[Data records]
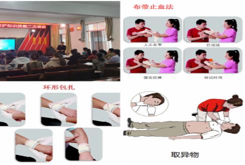 培训开始,鲁史中心学校办公室主任字光增先向老师们介绍了应急救护的定义、目的及救护原则,并通过列举身边发生的意外事件告诉老师们掌握应急救护知识技能的必要性。接着向老师们讲解了创伤救护技术:创伤出血与止血办法,并强调止血带止血法注意事项:止血带不能直接结扎在皮肤上,要加衬垫;上肢出血扎在上臂上1/3处、下肢出血扎在大腿中上部;松紧适度,以伤口停止出血为度;做好明显标记,注明结扎止血带时间(***到分钟);结扎止血带后每隔40~50分钟或发现远端肢体变凉应松解一次;应尽快送伤病员去医院救治;禁止用铁丝、电线、绳索等当做止血带。
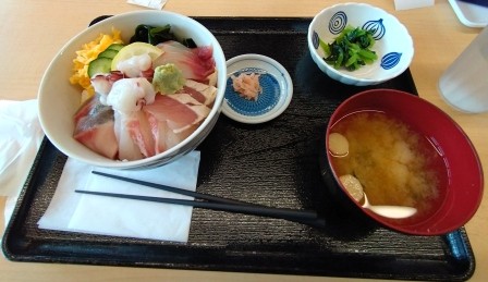 ごいせ仁摩では私は画像の「海鮮丼」あっこさんは「大あなご丼」を食べお腹一杯に。
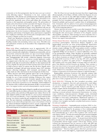 ary obstruction, and primary graft nonfunction). Table 115-15 outlines the Pulmonary Complications: Hepatopulmonary syndrome (HPS) is char-
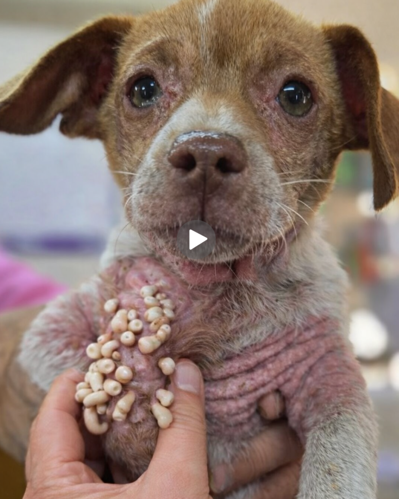 The image of this small dog is both heartbreaking and powerful. At first glance, we see a young puppy with gentle eyes, looking directly at the camera as if trying to communicate something deeper than words. But as our attention moves beyond the face, the harsh reality of the dog’s condition becomes impossible to ignore. The dog’s body shows severe skin damage, hair loss, inflammation, and visible parasites clustered around its neck and chest. This image is not just about one dog—it represents the suffering of countless stray and neglected animals around the world.
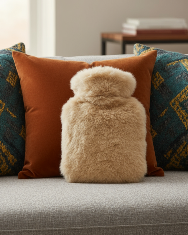 Alpaka Wärmflasche PREMIUM - beige - 100% Alpaka Fell

● PROBLEM TO SOLVE
From the first line of the records through the line containing "ary obstruction, and", please output exactly those lines and nothing more, leaving out the pictures.

● WRITTEN SOLUTION
 培训开始,鲁史中心学校办公室主任字光增先向老师们介绍了应急救护的定义、目的及救护原则,并通过列举身边发生的意外事件告诉老师们掌握应急救护知识技能的必要性。接着向老师们讲解了创伤救护技术:创伤出血与止血办法,并强调止血带止血法注意事项:止血带不能直接结扎在皮肤上,要加衬垫;上肢出血扎在上臂上1/3处、下肢出血扎在大腿中上部;松紧适度,以伤口停止出血为度;做好明显标记,注明结扎止血带时间(***到分钟);结扎止血带后每隔40~50分钟或发现远端肢体变凉应松解一次;应尽快送伤病员去医院救治;禁止用铁丝、电线、绳索等当做止血带。
 ごいせ仁摩では私は画像の「海鮮丼」あっこさんは「大あなご丼」を食べお腹一杯に。
 ary obstruction, and primary graft nonfunction). Table 115-15 outlines the Pulmonary Complications: Hepatopulmonary syndrome (HPS) is char-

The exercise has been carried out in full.